Single by Aminé

from the album Good for You
- Released: March 9, 2016
- Recorded: 2016
- Genre: Hip-hop; alternative hip-hop;
- Length: 3:29
- Label: Republic
- Songwriters: Adam Daniel; Irvin Mejia;
- Producers: Aminé; Pasqué;

Aminé singles chronology
|  | "Caroline" (2016) | "Baba" (2016) |

Music video
- "Caroline" on YouTube

= Caroline (Aminé song) =

"Caroline" is the debut single by American rapper Aminé. Written and produced alongside Pasqué, it was released on March 9, 2016 as the lead single from his debut studio album Good for You (2017).

==Background==
In an interview with Genius, Aminé said that:

The first time I heard the name "Caroline" was in OutKast's "Roses", so that was definitely an influence on me in general.

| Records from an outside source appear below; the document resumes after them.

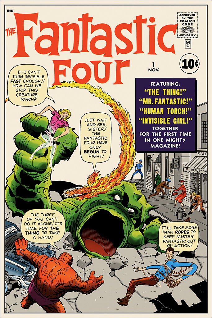 "The history of Marvel Comics technically begins with the introduction of Namor the Sub-Mariner in 1939 and Captain America the following year. But the rise of the company from a scrappy publisher of romance, war, and sci-fi comics to one of the biggest entertainment brands ever really began in 1961 with Stan Lee and Jack Kirby's FANTASTIC FOUR, and the revitalization of the entire comics industry that followed. This week we're honored to bring you two new posters featuring the Fantastic Four – a beautiful, screen-printed reproduction of Fantastic Four #1 by legendary artist, Jack "King" Kirby, and the variant cover for last year's FANTASTIC FOUR: GRAND DESIGN #1 by one of the best cartoonists working today, Ed Piskor.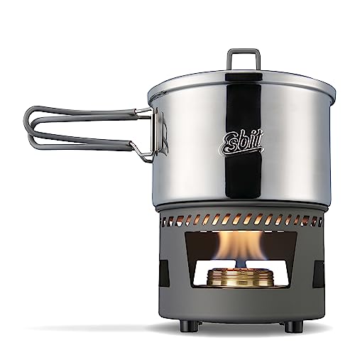 Esbit Spiritmatlagningsset – inkl. 1 500 ml kastrull – rostfritt stål – lock med lockupphängning – spritbrännare inkl. flamregulator med fällbart handtag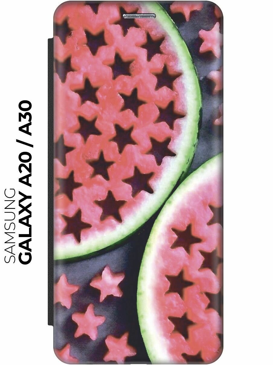Чехол-книжка Звездочки из арбуза на Samsung Galaxy A20 / A30 / Самсунг А20 / А30 черный информация: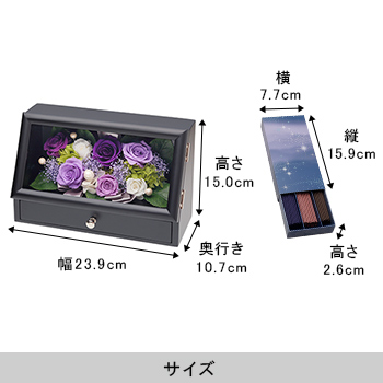 厳かな雰囲気の紫色のバラを中心にアレンジしたプリザーブドフラワーです。コンパクトな本体の引き出し部分に、お手持ちのお線香やろうそくなどを収納することもできます。日本香堂製の3種のお線香を添えてお届けします。(白檀、白梅、ラベンダーの香り)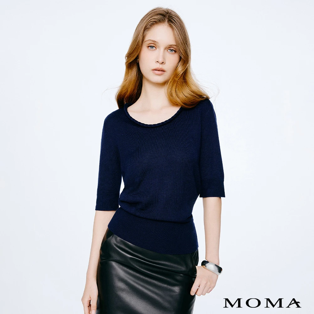 MOMA 麻花捲邊羊毛混紡針織七分袖上衣(兩色)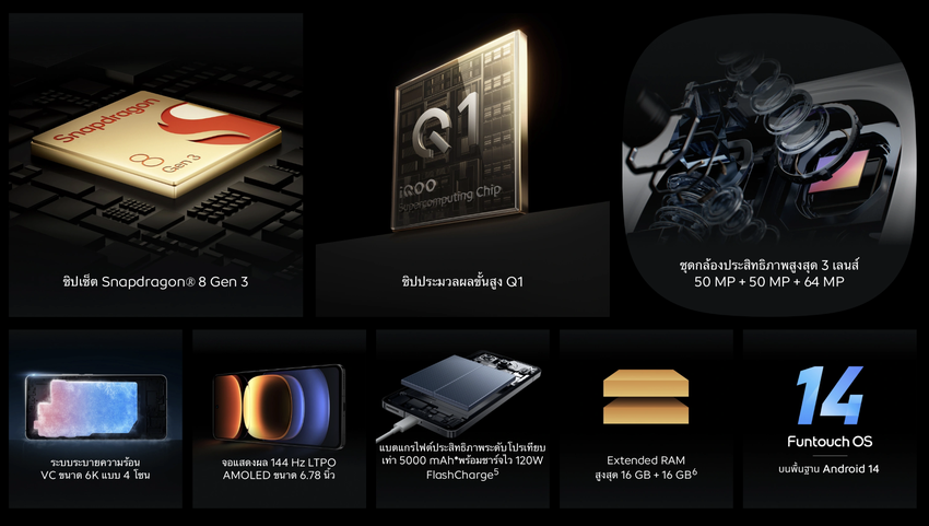 De smartphone maakte zijn debuut in Thailand. De gadget kreeg dezelfde kenmerken als het model voor de Chinese markt. De iQOO 12 5G heeft een OLED-scherm met een framerate van 144 Hz, een diagonaal van 6,78" en een resolutie van 2800×1260 pixels. Het scherm heeft een ingebouwde vingerafdrukscanner. De gadget draait op een Snapdragon 8 Gen 3-chip. Dit is overigens de eerste smartphone op de wereldmarkt met een dergelijke processor aan boord. De SoC wordt geleverd met 16GB RAM en 512GB opslagruimte. De nieuwigheid heeft ook een 5000 mAh batterij met 120W opladen.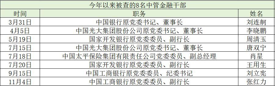 今年以来,已有8名中管金融干部被查,其中国有大行3人、金融集团2人,政策性银行2人,保险机构1人。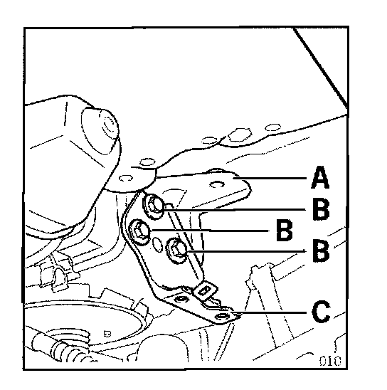 5.3.1 Position the right front holder (A) with the holder of the compressor bracket (C) and screw in the hexagon-head flat screws (B).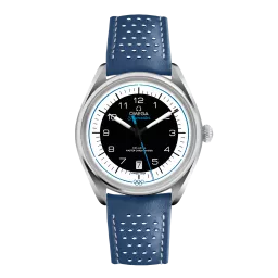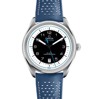The Seamaster Olympic Games Collection is inspired by the Rings of the Olympic Games and the design of OMEGA’s timekeeping stopwatches from the past. This 39.5 mm model has a stainless steel case and a blue, micro-perforated leather strap. The domed black and white dial includes sporty hands, a date window and an easy-to-read minute track, as well as a blue pulse reader that enables the wearer to calculate their pulse beats-per-minute. On the caseback, there is a blue anodized aluminium ring which includes all known host cities and dates from OMEGA’s Olympic Games journey, from Los Angeles 1932 up to Los Angeles 2028. Inside, the watch is driven by the Master Chronometer calibre 8800. Only 2,032 versions of this model have been created, with the Limited Edition number engraved on the side of the case.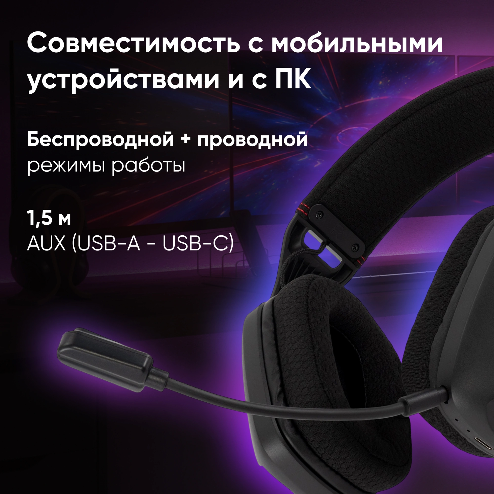 Облегченная гарнитура с поддержкой беспроводных (BT + 2,4G) и проводного режима, съемным микрофоном, ресивер, зарядный провод в комплекте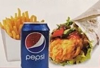 Chicken wrap, lettuce and mayonnaise, fries & drink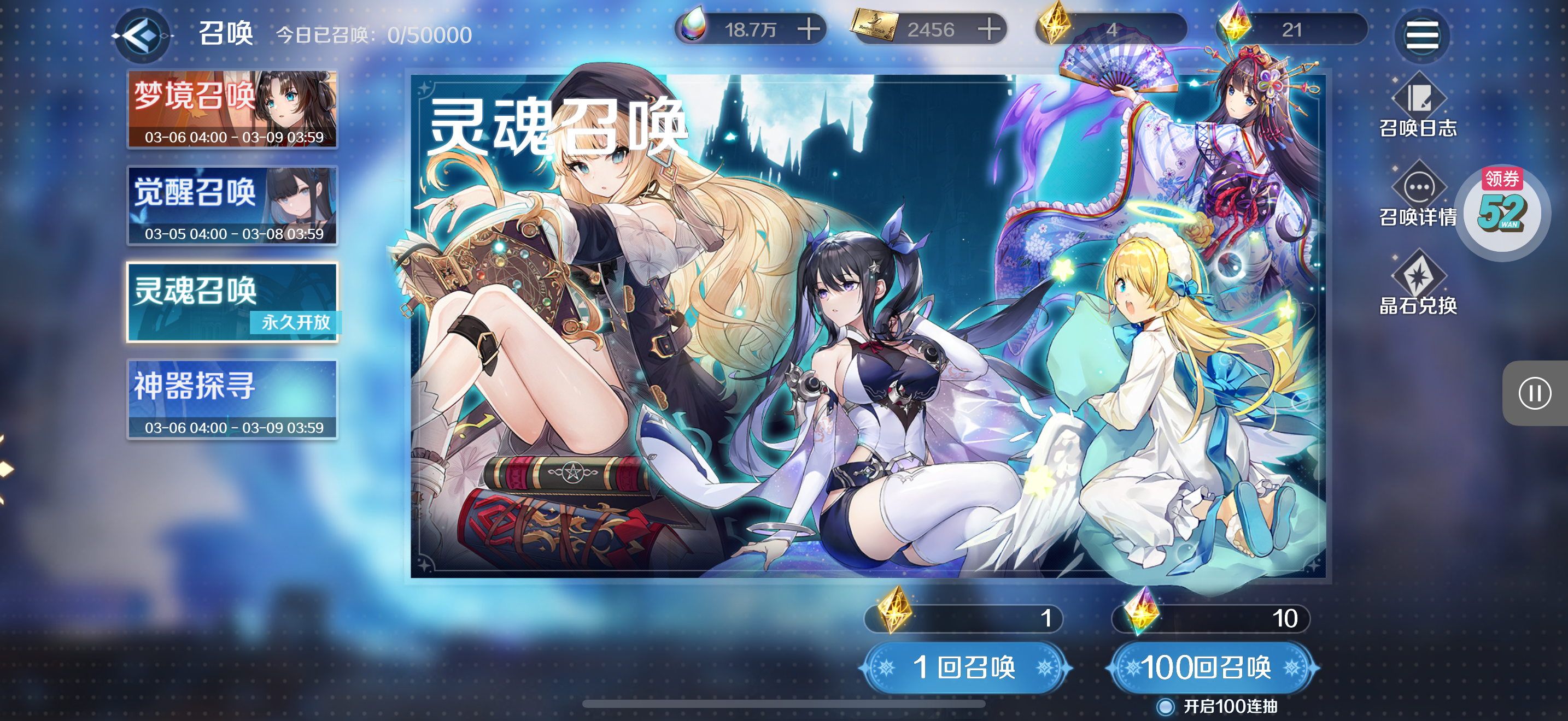 魂晶*888,魂师召唤券*10,武魂水晶*5(每个账号限领一次)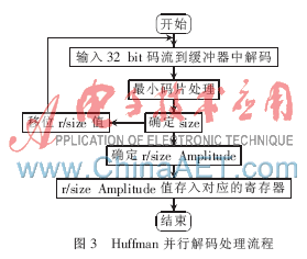 在码流分析中,确定Huffman并行解码的相关信息后进行解码。对JPEG来说,最终要找到AC=0的个数Run、AC的位数Size和幅度Amplitude,以及DC的Size和Amplitude。在JPEG中,AC和DC分别是交流系数和直流系数,其中AC和DC各自又包含色度和亮度。进行一次Huffman并行解码处理流程是整个Huffman并行解码器的关键流程之一,处理流程如图3所示。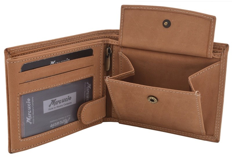 Šikovná kožená peněženka z pro muže je oblíbenou univerzální volbou pro muže. Peněženka je bez vnějšího zapínání, ale vnitřní část na doklady se zapínat dá. Pro některé zákazníky to znamená větší pocit bezpečí nebo možná přehlednějšího uspořádání. Vnitřek nabízí dostatečný prostor pro všechny potřebné i nepotřebné karty, doklady a fotky. Peníze si můžete bezpečně uložit do dvou složek na bankovky nebo do velkého mincovníku.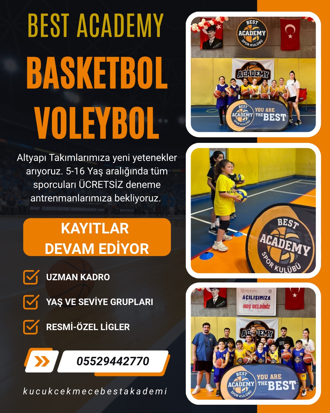 Küçükçekmece Best Akademi olarak, Sefaköy 100. Yıl İlkokulu Spor Salonu’nda çocuklara ve gençlere basketbol ve voleybol alanlarında profesyonel, güvenli ve gelişim odaklı bir antrenman ortamı sunuyoruz.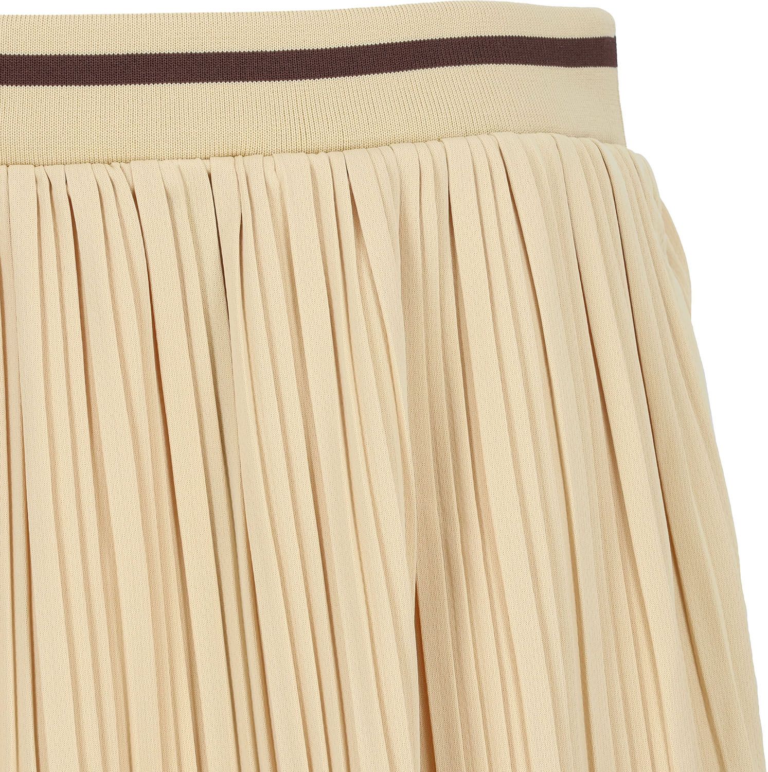 スッキリとした台形スコートも変形プリーツ加工することで、おしゃれ度アップ。プリント柄のシャツや無地同士でもワンランク上の着こなしになります。

But I wrote this song with the intentions of hopefully making a modern day "Billie Jean". Caroline represents the handful of women I've met in my life that I would put genuine effort in.

==Music video==
The song's accompanying music video premiered on June 1, 2016, on Aminé's Vevo account on YouTube. As of March 2024, it has amassed over 369 million views.

==Charts==

===Weekly charts===

Weekly chart performance for "Caroline"
| Chart (2016–2017) | Peak position |
|---|---|
| Canada Hot 100 (Billboard) | 33 |
| New Zealand (Recorded Music NZ) | 16 |
| US Billboard Hot 100 | 11 |
| US Hot R&B/Hip-Hop Songs (Billboard) | 5 |
| US Pop Airplay (Billboard) | 30 |
| US Rhythmic Airplay (Billboard) | 3 |

===Year-end charts===

Year-end chart performance for "Caroline"
| Chart (2016) | Position |
|---|---|
| US Hot R&B/Hip-Hop Songs (Billboard) | 60 |
| Chart (2017) | Position |
| US Billboard Hot 100 | 60 |
| US Hot R&B/Hip-Hop Songs (Billboard) | 37 |
| US Rhythmic (Billboard) | 28 |

==Certifications==

Certifications for "Caroline"
| Region | Certification | Certified units/sales |
| Brazil (Pro-Música Brasil) | Gold | 30,000^{‡} |
| Canada (Music Canada) | Platinum | 80,000^{‡} |
| New Zealand (RMNZ) | 3× Platinum | 90,000^{‡} |
| Portugal (AFP) | Gold | 5,000^{‡} |
| United Kingdom (BPI) | Gold | 400,000^{‡} |
| United States (RIAA) | 6× Platinum | 6,000,000^{‡} |
^{‡} Sales+streaming figures based on certification alone.